Wednesday, August 12, 2015

Vacations: a vital part of life.

Why I take vacations

I don't do it often, but it turns out I need the recharge time.

I'm crawling back to myself on this break. I've been doing a lot of thinking about my roles in the lives of my friends, my clients, my students, and the world at large.

The big revelation? I spend a lot of my time and my self generating output. I give readings, advice, education, performances, etc. And usually all of that comes with its own brand of communication. When I perform, I strive for an exchange of energy. The audience and I make time for a chat. It's just that some of the chat is me making music and them listening. The rest of the time, we converse. Truly.

When I teach, the exchange is almost as 50/50. I learn from my students almost as much as they learn from me. 

When I do readings or coaching, the energy output is much more mine since the people who come to me want my guidance and rarely is it a full exchange. Rather, it is my output to help them heal, progress, and grow towards their highest path.

When I volunteer for causes I support, I do so with an open heart and the fervent hope that what I am doing will help make a difference. There is satisfaction in a job well-done in volunteer work that I rarely get from any other sort of work I do.

I've always operated on the premise that my wellspring was infinite. I tell clients all the time that they need to stop, breathe, and recharge. But it turns out, I've not been taking my own advice.

Before this vacation, I was running on fumes. I was surviving, but I was not thriving. And since my goal is to not only survive but thrive, it has become clear to me that I have been working at cross purposes with myself and with my highest path.

Well, that had to stop. I wasn't paying attention to myself and my needs. And my body started giving me messages that if I didn't chill out, it was going to chill me out for me. So, Rich and I hatched this rather last-minute plan to go away for a bit before the craziness of the autumn season falls upon us.

Once the Ren Fest starts, I will be working seven days a week until December 26th. Since I already maintain a similar pace and have been for the last few years, I needed this break.

And that makes me think.
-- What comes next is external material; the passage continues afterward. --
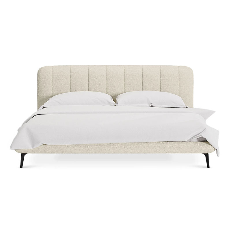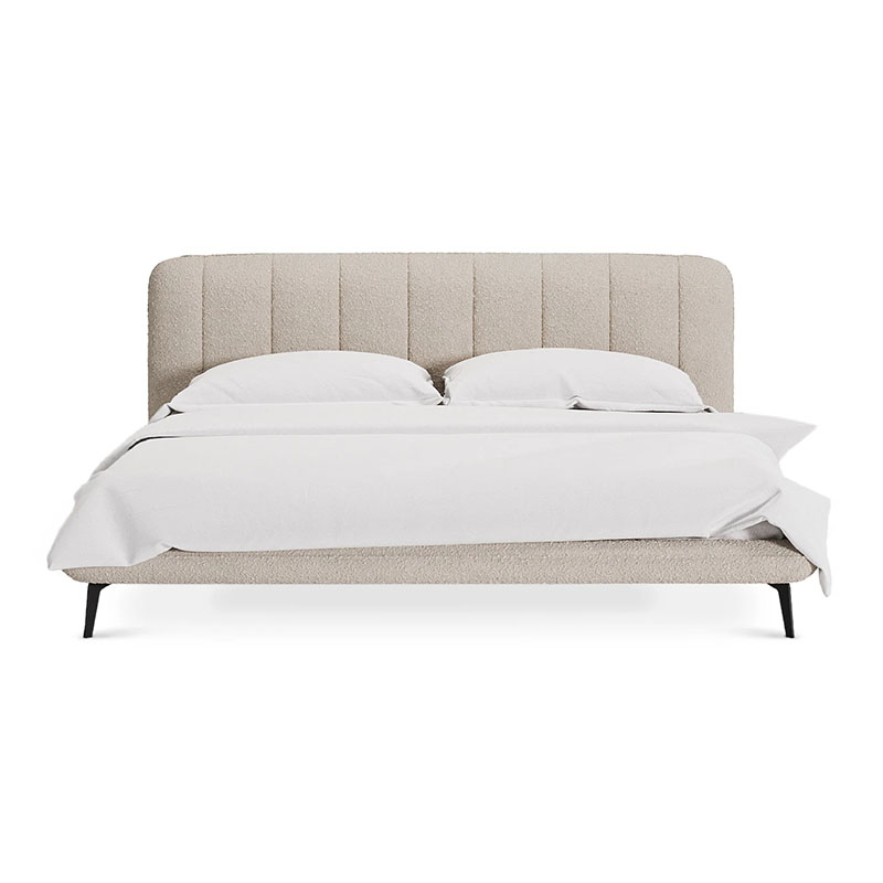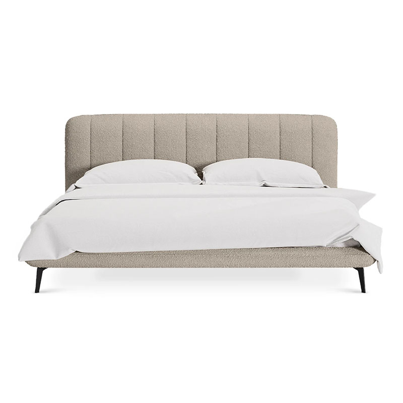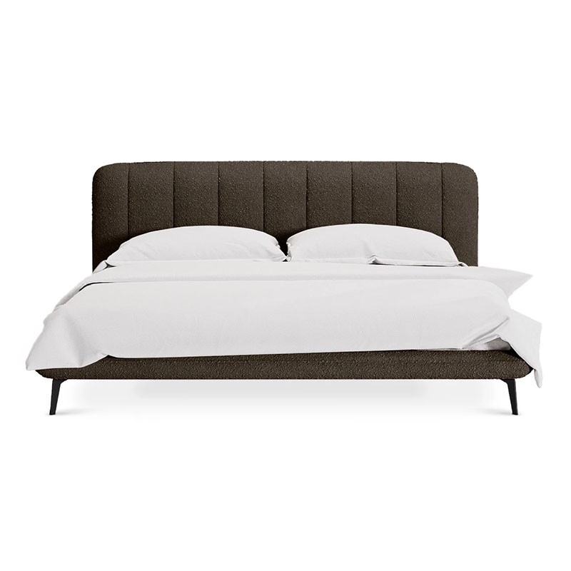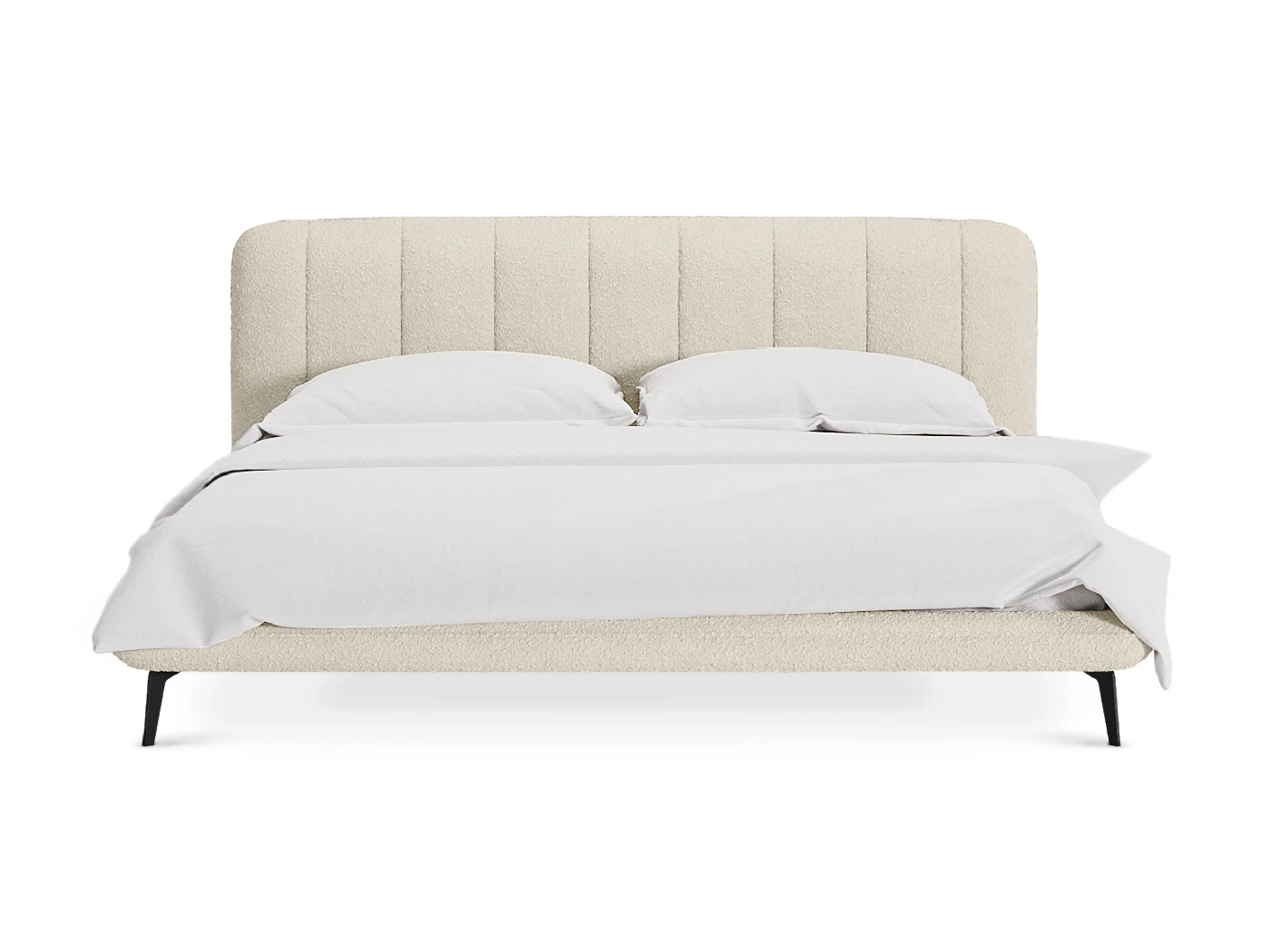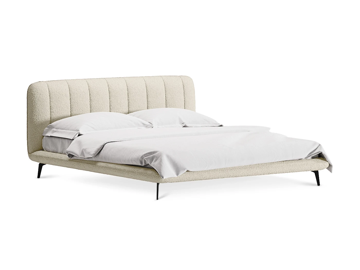 Запросить индивидуальное предложениеПрочные ножки из металла незаметно приподнимают корпус над полом. Поэтому кровать смотрится воздушно. Также это упрощает уборку. Мягкие изящные царги плавно перетекают в изголовье, единство с которым подчеркивается рельефным кантом.

How many of us push ourselves past our limits and forget that we even have them? How many of us exhaust ourselves with work and when we're done look for the next thing on the list to tackle? There will always be another challenge, another item on the "To-do" list. Another project will beckon. Another quest will present itself.

And yet, if we aren't well-rested, we will not be at our best. If we are not relaxed, we might falter when we most need to stand strong and resolute.

This is all my way of saying that I've decided to cut myself some slack. And I want to encourage everyone else to do that too. The projects, goals, and to-do lists aren't going anywhere. They will be there tomorrow. 

Here's the thing, though. The instant you look at a project with dread rather than anticipation, it might be time to look at either your motivation or your energy level. I think even the most arduous and heinous things we need to do to live our lives can present a fun challenge rather than a drudgerous task. The things that tip that scale? First, is the level of our fear about being able to do it well. To that I give that ol' platitude, "Feel the fear and do it anyway." It might be corny, but it is true. This is for another post, but when we feel fear, that reaction is giving us clues. They key here is to learn to interpret them and then utilize the information they provide. More on this later.

Second is our stress level. If we fear being able to achieve our goals, often, we will avoid embarking on the mission. If we are too tired or too stressed, we will avoid the arduous task like the plague. And that will only prolong the agony. So, the lesson I've learned here is if we are too stressed to do justice to our task, perhaps it's time to take a break and relax and release some of that stress before we accept the challenge. Then, we can come to it with fresh eyes and a full heart.

And by the way, it doesn't have to be a long break. Not every break has to be five days in Key West (though that doesn't hurt, let me tell you). A break can be five minutes of breathing with eyes closed or a walk around the block or petting your cat (one of my personal favorites). If we do something to release the grip of stress, we will do better and we will be better. Certainly, we will feel better.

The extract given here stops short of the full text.